Un universo parallelo in cui e da cui ci immergiamo ed attingiamo, come dal
dantesco empireo, i sogni, le sensazioni, le segrete verità, l’io riflesso e
insomma tutto quanto sta oltre la nostra durezza materiale e degradabile,
circoscritta e finita. Per questo la poesia è, e sarà, sempre diversa dalla
prosa, nella quale l’autore è in sostanza un esperto ingegnere (come afferma
Umberto Eco) che progetta e pianifica la sua storia, utilizzando dottamente
tutti gli strumenti letterari in modo aderente alle regole. Pur tuttavia la poesia non rimane “sospesa”, o in definitiva non è un cumulo
di parole sensa senso messe lì a caso e basta, che con il pretesto della
“libertà” molti, consapevolmente o inconsapevolmente, producono. La linea di
demarcazione è molto sottile. La vera poesia si “sente” dentro, si ascolta e
si interiorizza. Come la poesia di Mirella Genovese.
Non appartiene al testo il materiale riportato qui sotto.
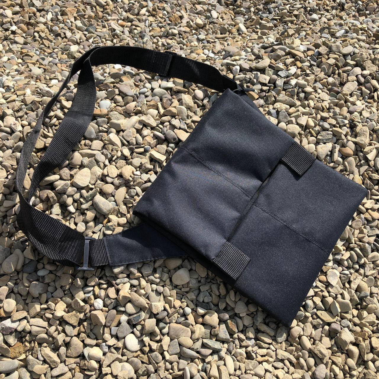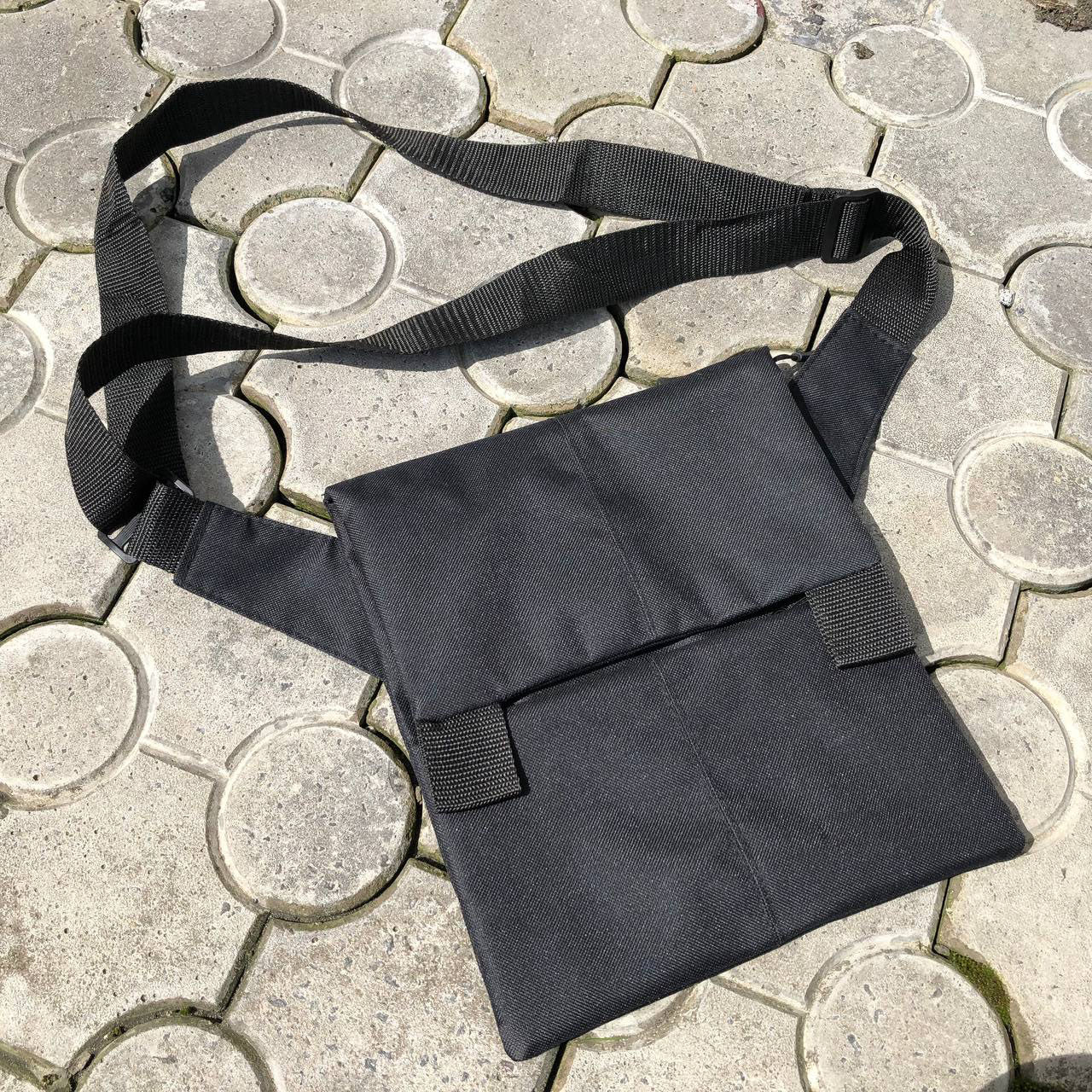 Сумка имеет удобный и практичный ремешок, который можно отрегулировать по длине благодаря специальному фиксатору, поэтому Вы сможете её носить как на уровне пояса, так и на уровне грудной клетки для быстрого доступа к важным элементам, таким как: фонарик, газовый баллончик или же пневматический пистолет.

E’ infatti una poesia,
quella di Mirella Genovese, laureata in lettere classiche, preside, autrice
siciliana di notevole talento poetico e letterario, che con questo suo
ultimo lavoro poetico, intitolato Ascolto, si colloca certamente ai
vertici, e nella quale ogni parola, ogni termine, ogni verso, assume un
vigore straordinario, conferendo agli stessi uno spessore semantico
notevole, per cui vi è nelle sue poesie un arricchimento continuo e ogni
volta nuovo di significato e significante. E’ una poesia riflessiva, meditativa, che si dipana e fluisce organicamente
in tutta la sua raccolta, offrendo spunti pregevoli, per il lettore, di
avvicinamenti alla sfera più intima delle emozioni e delle sensazioni
(“Camminando nella notte | solleviamo lo sguardo | col turbante a
sghimbescio. | Un orlo di luce | trafigge l’orizzonte | sulla landa. | Qui è
sbocciata | una stella cometa | tra le lastre roventi del vulcano.”),
utilizzando con sapienza la metafora (o meglio: il “leitmotiv”)
dell’”ascolto”, che è propria dei poeti autentici, ma che qui assume
certamente maggiore valenza: e si tratta di un ascolto silenzioso,
meditativo come dicevamo, ma che proprio grazie a questo, l’Autrice riesce
ad individuare e ad esprimere poi al meglio tutto il suo dettato poetico.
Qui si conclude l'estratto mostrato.